General Lessa da reserva banca o golpista machão, conduta que jamais teve na ativa contra o Lula


Por Davis Sena Filho — Palavra Livre


Tudo é uma questão de opinião. Dou como exemplo a opinião completamente destrambelhada e totalmente fora de propósito e da realidade do general da reserva, Luiz Gonzaga Lessa,  que tirou o pijama e retirou o terno do armário para vociferar sandices, que depois de ditas, irresponsavelmente, o oficial deveria ser recolhido a uma dependência militar e ficar por lá alguns dias até retomar o juízo e a capacidade de discernimento e ponderação.

Realmente, e sem generalizar porque não seria justo, quando militares aposentados e de alta patente falam de política é literalmente um desastre. As posições políticas são sempre conservadoras, reacionárias e com linguajar violento, além dos preconceitos embutidos em suas explanações estapafúrdias completamente baseadas em analfabetismo político e pela incompreensão quase proposital sobre o que está em jogo ou não neste grave momento da história do Brasil causado pelo golpe de estado de terceiro mundo de 2016.   

Não é o primeiro oficial-general, da reserva ou da ativa, que recorre ao proselitismo político barato e às ameaças de golpe militar, que eles chamam cinicamente e hipocritamente de "intervenção" militar, como se todo mundo vivesse em um estado de letargia mental ou fosse vítima de lobotomia, realidades mórbidas que acarretariam a não percepção de que o Brasil está à mercê de golpistas civis e fardados, de extrema direita, que se importam apenas em apagar o incêndio da crise política e institucional brasileira com gasolina.

O general Lessa não é um idiota. Pode até parecer, mas não é. Trata-se de um direitista raivoso com dotes messiânicos, que pensa que o golpe de 2016 será resolvido com a prisão de Lula, quando não é o Lula o problema, mas, sim, os militares, os juízes, os procuradores, os delegados e os empresários, principalmente os donos do oligopólio Globo, além do Congresso à mercê de gente como o presidiário Eduardo Cunha, que levou a legítima presidente Dilma Rousseff à deposição e, consequentemente, quebraram em vários pedaços a ordem democrática, constitucional e institucional.

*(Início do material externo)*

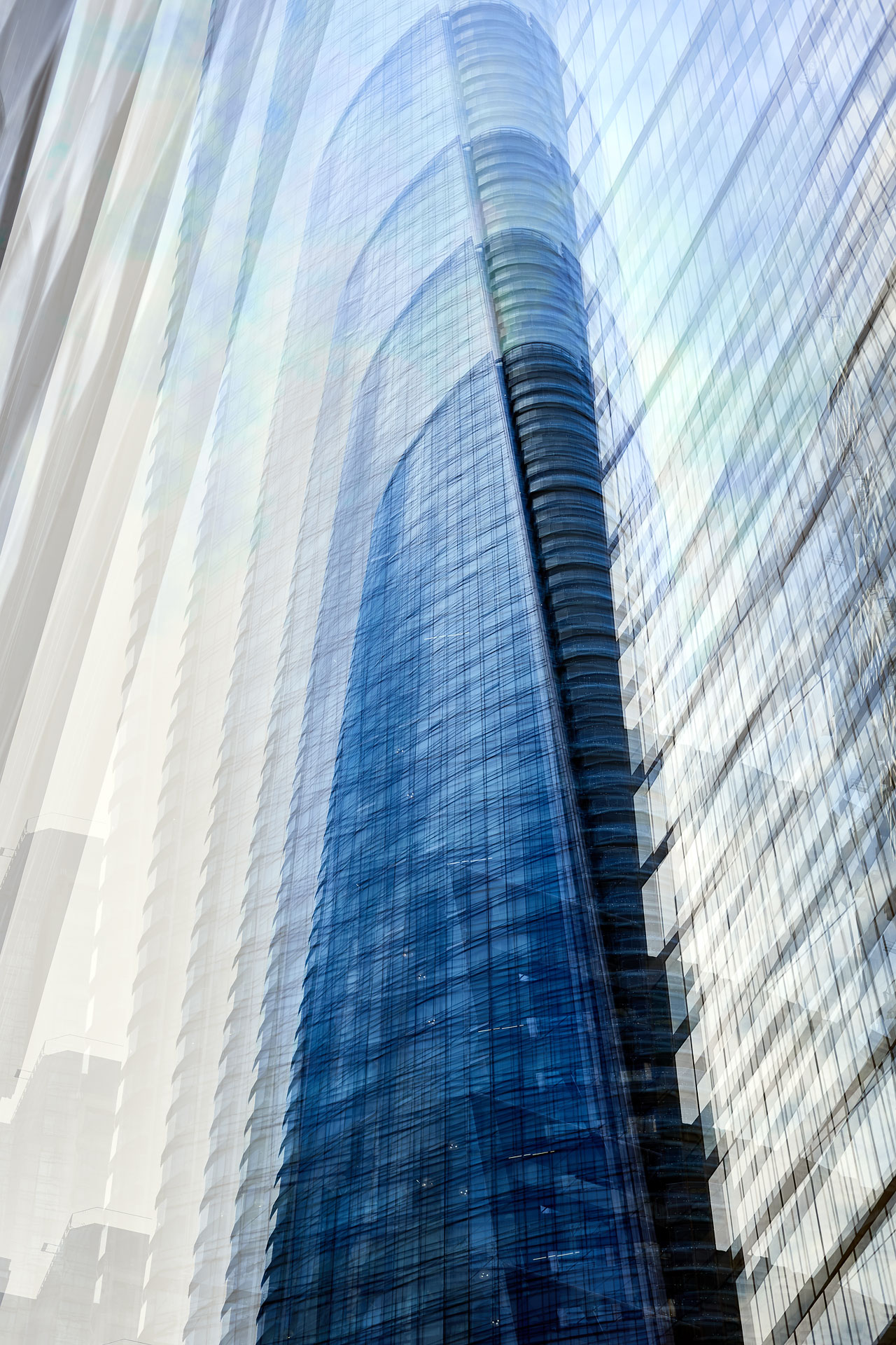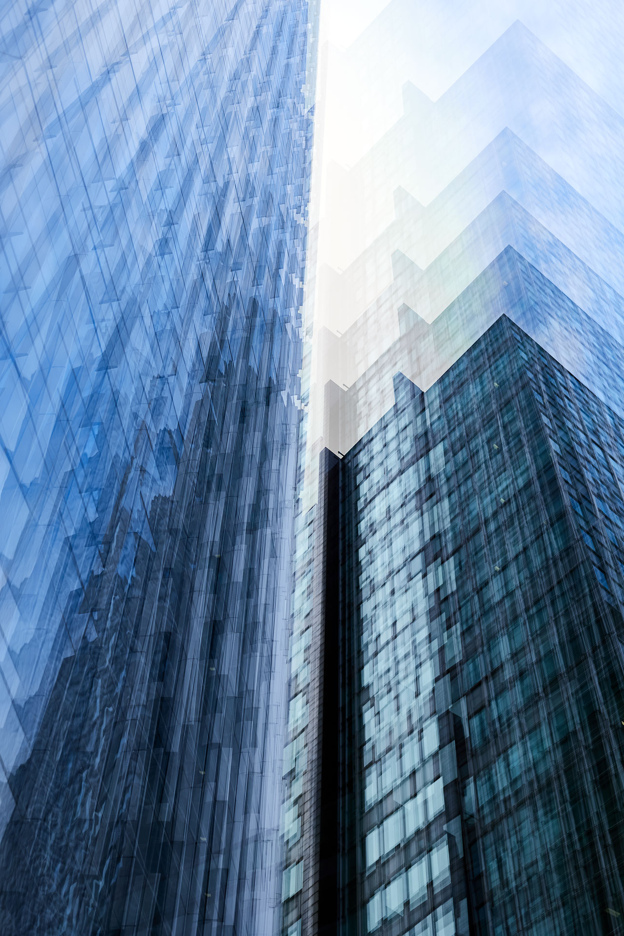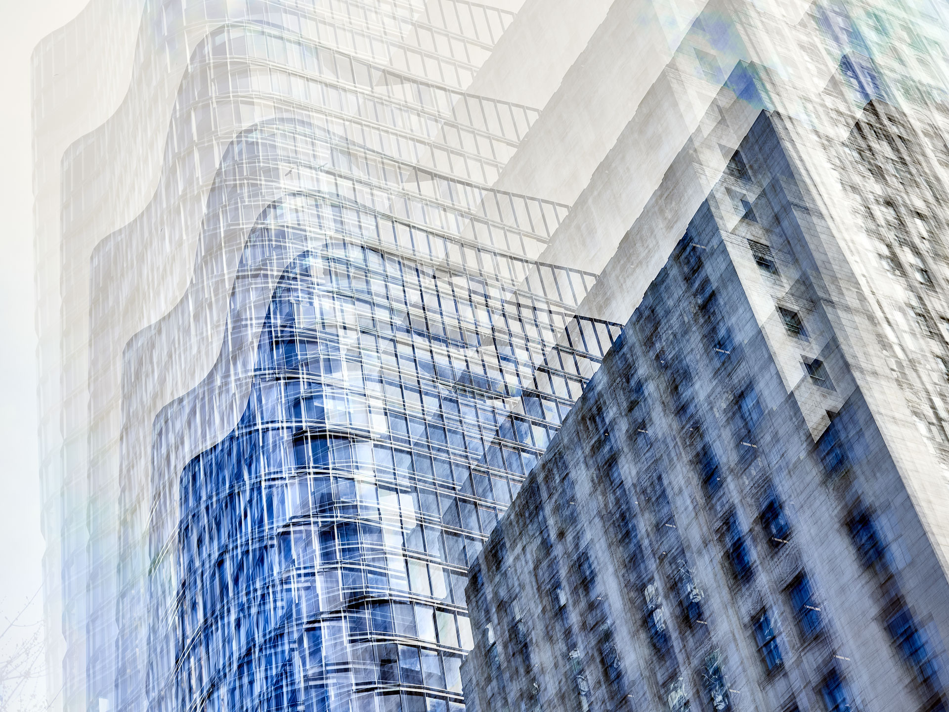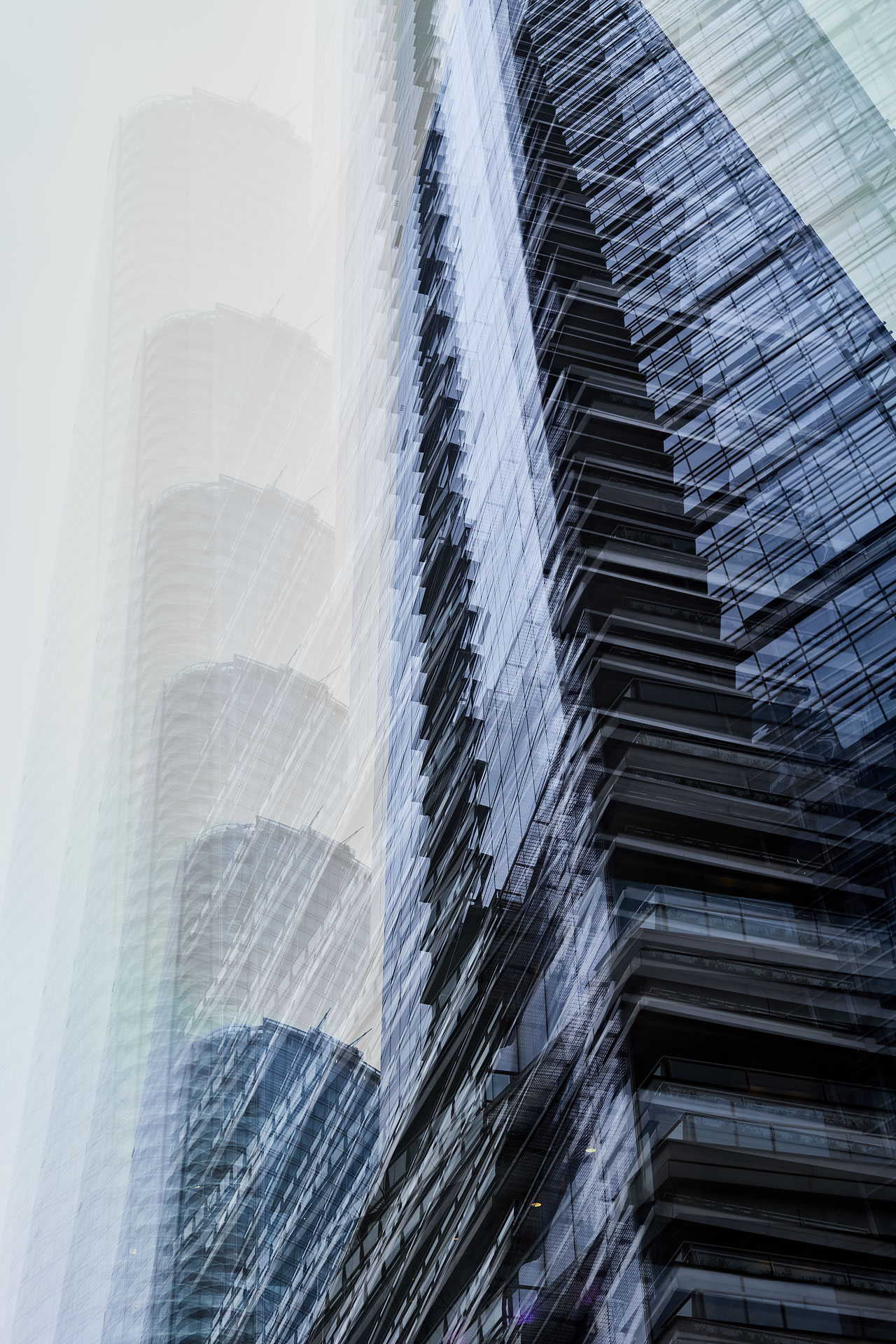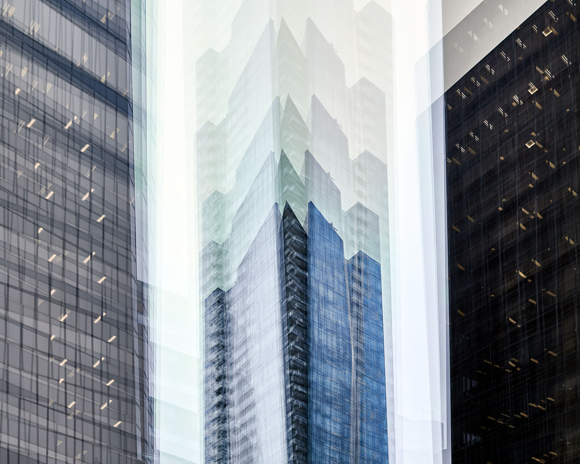 Using the multiple exposure features in-camera I “painted” buildings with the camera. The process is both additive and reductive, highlighting some features while obliterating others, to create images that express the city in a new and dynamic way.

O militar vociferante e que baba de ódio pelo PT e suas lideranças sabe muito bem que sua instituição, o Exército, em todos os tempos sempre compôs com as oligarquias, além de ter relações carnais com as forças armadas norte-americanas. Geralmente, tais militares de alta patente são adeptos e aliados da casa grande escravocrata brasileira, bem como estão sempre dispostos a defender seus interesses, mesmo contra os interesses do Brasil, como acontece agora com a entrega do patrimônio público nacional por decisão do desgoverno de *mi-shell temer, formado pelos golpistas mais corruptos, antinacionais e antipatriotas da história do Brasil.

Trata-se de verdadeiro governo de ladrões, que dilapidaram a Petrobras e os direitos trabalhistas dos trabalhadores, sendo que a CLT é um marco real e simbólico do que é civilizado, ou seja, um dos alicerces principais que edificam a civilização brasileira. E daí? Daí é que o general de pijama, que nunca bancou o machão na ativa para evitar não ser punido e, com efeito, não conquistar o generalato, resolve capciosamente e irracionalmente atacar o Lula, o PT e a Constituição, a ameaçar a sociedade brasileira com mortes, agressões, repressões e muito sangue. Como é que pode? Ele está disposto a matar o próprio povo; o povo que não converge com seus princípios, valores, partido e ideologia?

Então é assim: "Pensou diferente, eu mato!" O general é digno de um pequeno Mussolini, um déspota alucinado e disposto a se banhar em sangue por causa do Lula, de acordo com suas insanas palavras. Como se o Exército tivesse o direito de fazer tamanha "cagada" à revelia da Constituição, pois já bastam os 21 anos de ditadura militar e todas as mazelas e fracassos que dela foram gerados, sendo que o maior foi o nosso subdesenvolvimento social e econômico, no que tange às condições de vida da maioria da população brasileira, sendo que grande parte dessa maioria mora em favelas e comunidades muito pobres das periferias, onde atua e age com muita força o tráfico de drogas e de armas.

Armas e drogas que chegam facilmente às mãos de milhares de quadrilhas espalhadas por todo o Brasil pelas fronteiras a oeste do País e pelo vasto litoral, à leste, de forma que os militares das Forças Armadas e os policiais da Polícia Federal demonstram, sem quaisquer margens à dúvida, que fracassaram plenamente, de forma retumbante, no que diz respeito às suas obrigações, conforme reza a Constituição de 1988, a determinar que o combate e a repressão ao tráfico internacional de drogas é por conta dessas instituições e corporações, que hoje se preocupam mais com política e mídias (imprensa, filmes, premiações, regabofes, livros, holofotes e todo tipo de ôba-ôba), sendo que a PF chega a ser algo inacreditável de se ver, pois surreais a desfaçatez, a leviandade e a vaidade de muitos de seus servidores pagos a peso de ouro pelo cidadão contribuinte.  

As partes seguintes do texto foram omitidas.